[Items from a dataset]

════════════════════

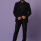 Black Cutdana Embroidered Blazer Set For Men
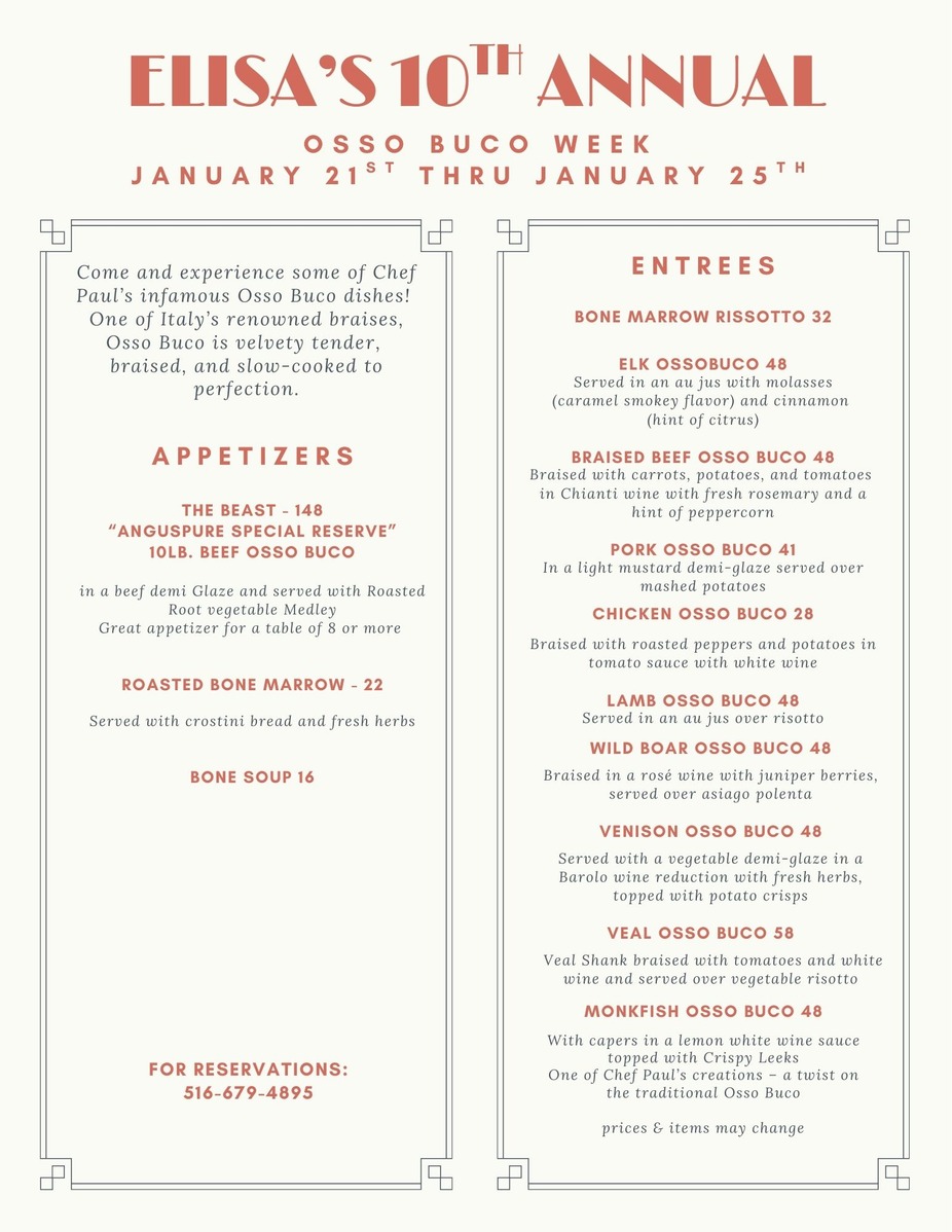 Come and experience some of Chef Paul’s infamous Osso Buco dishes!
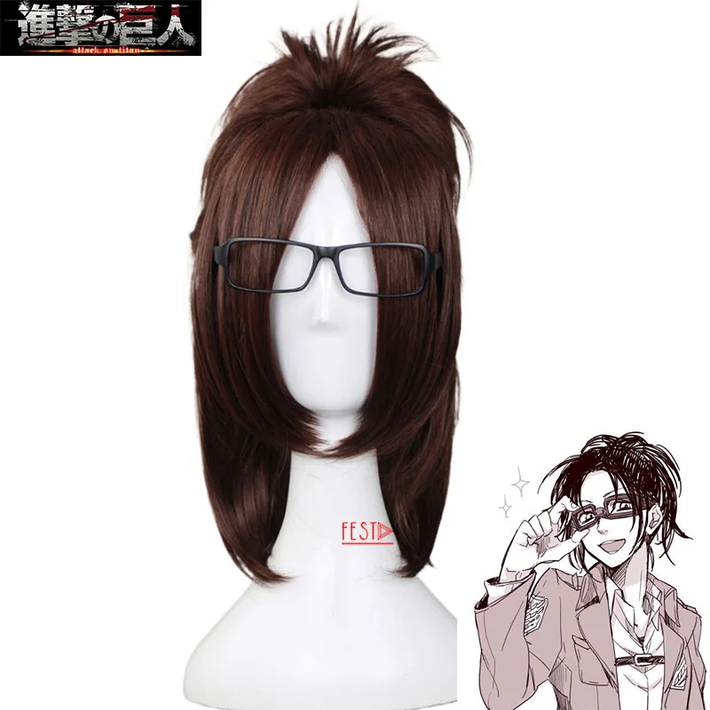 Атака на Титанов Hange Zoe длинный коричневый парик + Бесплатный парик шапка с очками
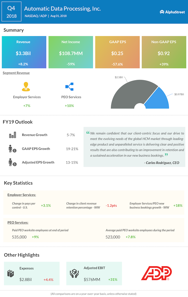 HR services provider Automatic Data Processing (ADP) today reported a steep 59% decline in Q4 2018 earnings. This decrease was mainly due to the impact of pre-tax charges of $365 million related to the company’s Voluntary Early Retirement Program and other transformation initiatives. Shares of ADP dipped more than 3% when the market opened today and continued to trade in the negative territory.
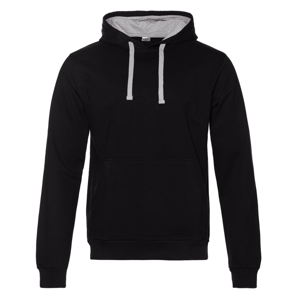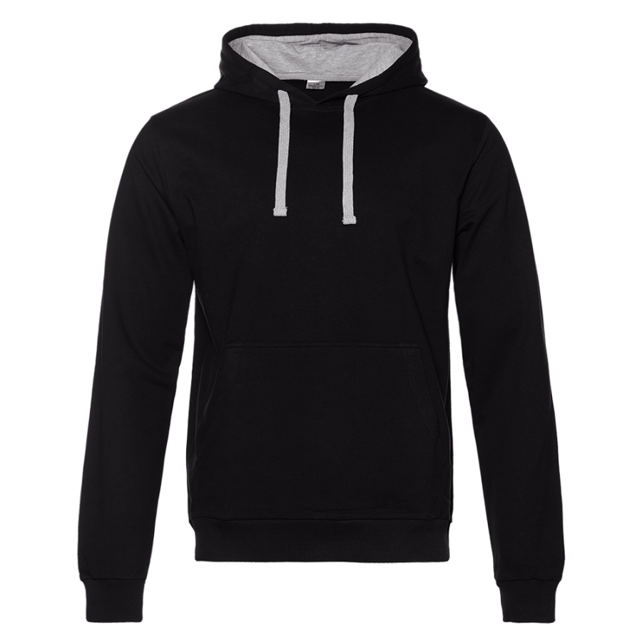 Толстовка прямого силуэта с капюшоном, втачным рукавом и карманом-кенгуру. Капюшон дополнен шнурком для регулирования прилегания, манжет и низ изделия оформлены широкой эластичной резинкой. Возможно два варианта исполнения: контрастные шнурок и бейка/шнурок и бейка в цвет толстовки.

════════════════════

◆ **How to complete this task**
Once the pictures are set aside, restate the remaining data above exactly.

◆ **Task solution**
 Black Cutdana Embroidered Blazer Set For Men
 Come and experience some of Chef Paul’s infamous Osso Buco dishes!
 Атака на Титанов Hange Zoe длинный коричневый парик + Бесплатный парик шапка с очками
 HR services provider Automatic Data Processing (ADP) today reported a steep 59% decline in Q4 2018 earnings. This decrease was mainly due to the impact of pre-tax charges of $365 million related to the company’s Voluntary Early Retirement Program and other transformation initiatives. Shares of ADP dipped more than 3% when the market opened today and continued to trade in the negative territory.
 Толстовка прямого силуэта с капюшоном, втачным рукавом и карманом-кенгуру. Капюшон дополнен шнурком для регулирования прилегания, манжет и низ изделия оформлены широкой эластичной резинкой. Возможно два варианта исполнения: контрастные шнурок и бейка/шнурок и бейка в цвет толстовки.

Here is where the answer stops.